By contrast, embedded financing models can underwrite earlier in the merchant lifecycle, allowing platforms to introduce capital from day one. Financing becomes an awareness product as much as a financial one – signalling value, building trust and deepening relationships before competitors even enter the scene. 

This is key, because many SMB owners are not actively seeking out finance while they’re busy running their businesses. But capital that appears inside the tools they already use removes friction and accelerates adoption. Merchants that receive embedded financing grow sales by an average of 26% in the six months following funding, with some seeing lifts of 25-50%.

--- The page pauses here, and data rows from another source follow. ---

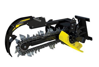 Trancheuse de sol bigfoot compacte et puissante avec une chaine actionnée par moto-réducteur Hydraulique. Le sabot de maintien permet de gérer la profondeur de la tranchée et la vis latérale d’évacuer les gravats.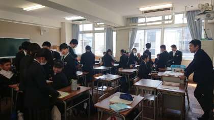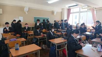 4月9日(火)2年生は、1時間目の学級写真撮影に続いて2時間目に各学級で自己紹介カード作成などのオリエンテーションを行いました。新学期最初の学級活動でしたが、どのクラスもリラックスした雰囲気で取り組んでいました。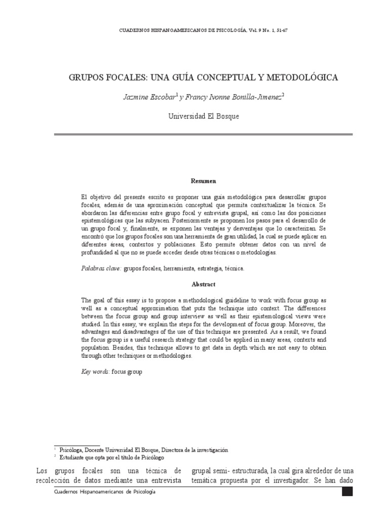 Palabras clave: grupos focales, herramienta, estrategia, técnica.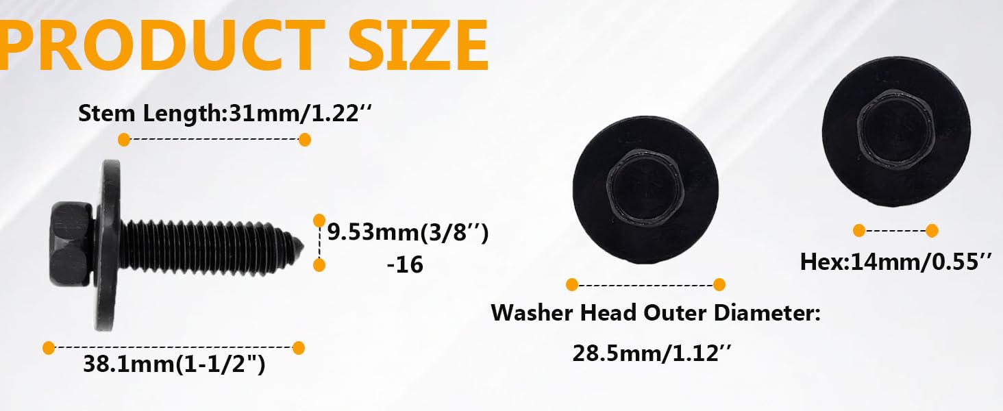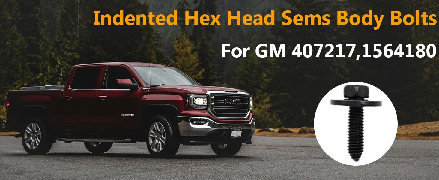 Fitment: Indented Hex Head Sems Body Bolts are Compatible with GM 407217,1564180.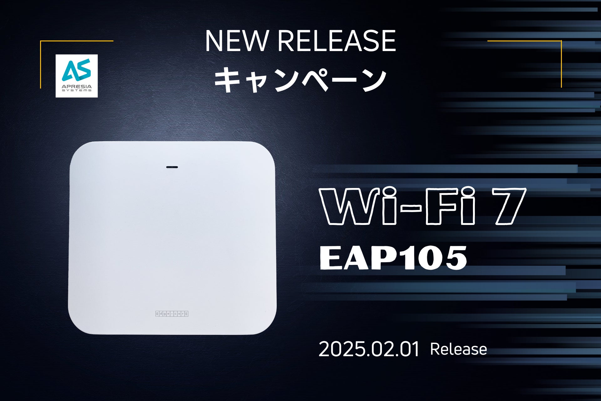 APRESIA Systems株式会社(本社 東京都中央区、代表取締役社長 末永 正彦)は、次世代の無線通信技術であるWi-Fi 7(IEEE802.11be)に対応した無線LANアクセスポイント「EAP105」を2025年2月1日より発売いたします。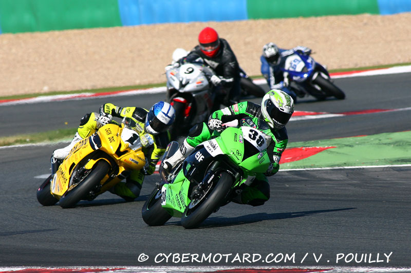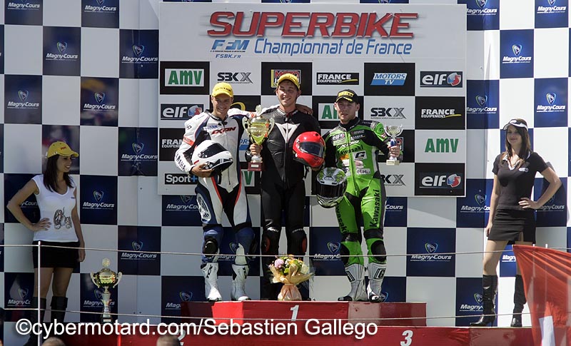 Erwan Nigon déclaré vainqueur de la course 2 Superbike.Au départ de cette seconde partie de la 2e course des Superbike, Gimbert fait le meilleur départ suivi de Julien Da Costa et Erwan Nigon. Très rapidement Nigon récupère la 2e place, pour franchire la ligne d’arrivée juste derrière Gimbert. Da Costa est 3e, suivi de Freddy Foray. Cependant, la victoire se faisant au cumul des deux parties, Erwan Nigon est déclaré vainqueur de la course devant Gimbert et Da Costa. |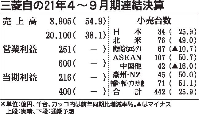 4~9月期の売上高は前年同期比54.9%増の8905億6700万円、営業利益は251億8600万円(前年同期は826億2600万円の損失)で、上期として2年ぶりの黒字に転換した。構造改革の効果のほか、新型「アウトランダー」が9月に米国の月次販売台数で過去最高を記録するなど好調だった。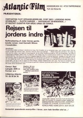 ![]() Længde 90 minutter Medv.: Kenneth More som Lindenbrook, Ivonne Sentis og Jack Taylor. Indgår i Filmbox 1 Bagsiden af dansk miniplakat: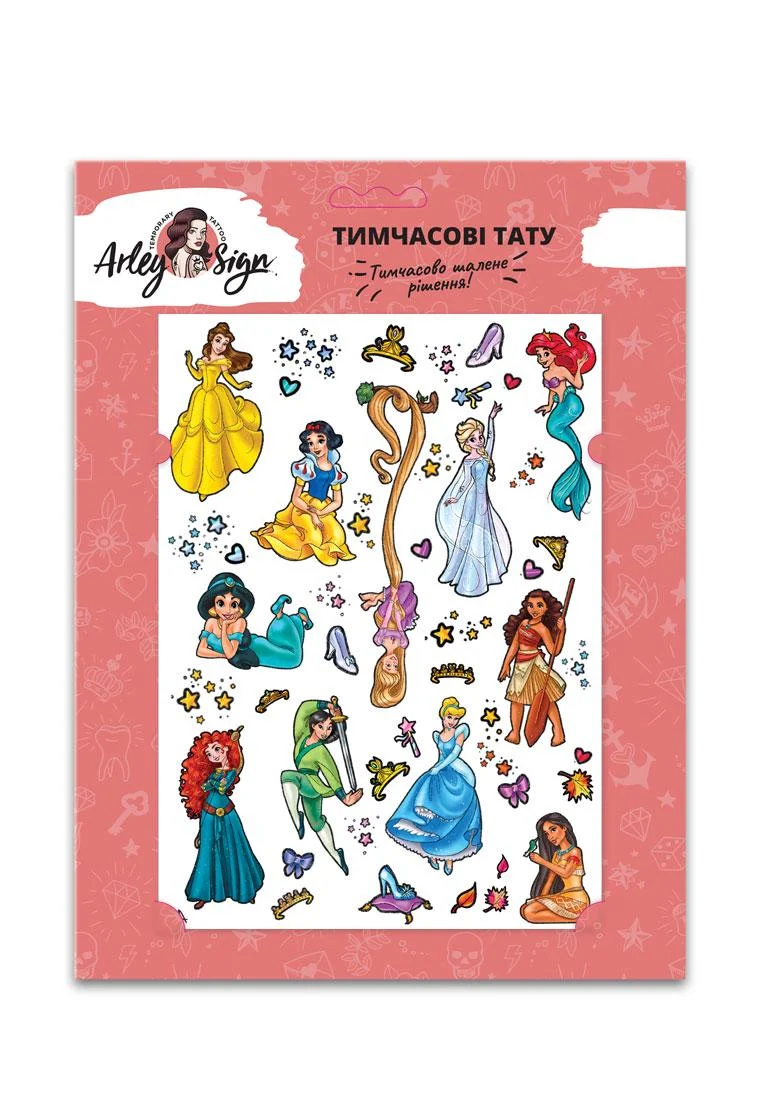 • Набір татуювань присвячений улюбленим принцесам з казок та мультфільмів. Це можуть бути класичні персонажі (Попелюшка, Білосніжка, Аріель, Белль, Жасмин тощо) або сучасніші героїні.

This growth depends on access. YouLend’s underwriting model has a 90% approval rate, significantly higher than the UK SME lending average of 64%. Demand also reflects real trading patterns, with a 30% surge in financing applications ahead of peak periods such as Black Friday – vital capital that appears exactly when it is needed.

In short, earlier eligibility translates directly into activation, retention and a larger total addressable market.

The cost of waiting

Payments alone aren’t enough to sustain a platform against shrinking margins and aggressive competition. Capital, when embedded thoughtfully, seamlessly and responsibly, offers something payments can’t: a durable, compounding relationship with merchants.

Platforms that act early stand to benefit from higher lifetime value, lower churn and new revenue streams. Platforms that delay risk losing merchants to marginally cheaper providers. For digital businesses heading into 2026, it’s a question of how quickly they can do it well.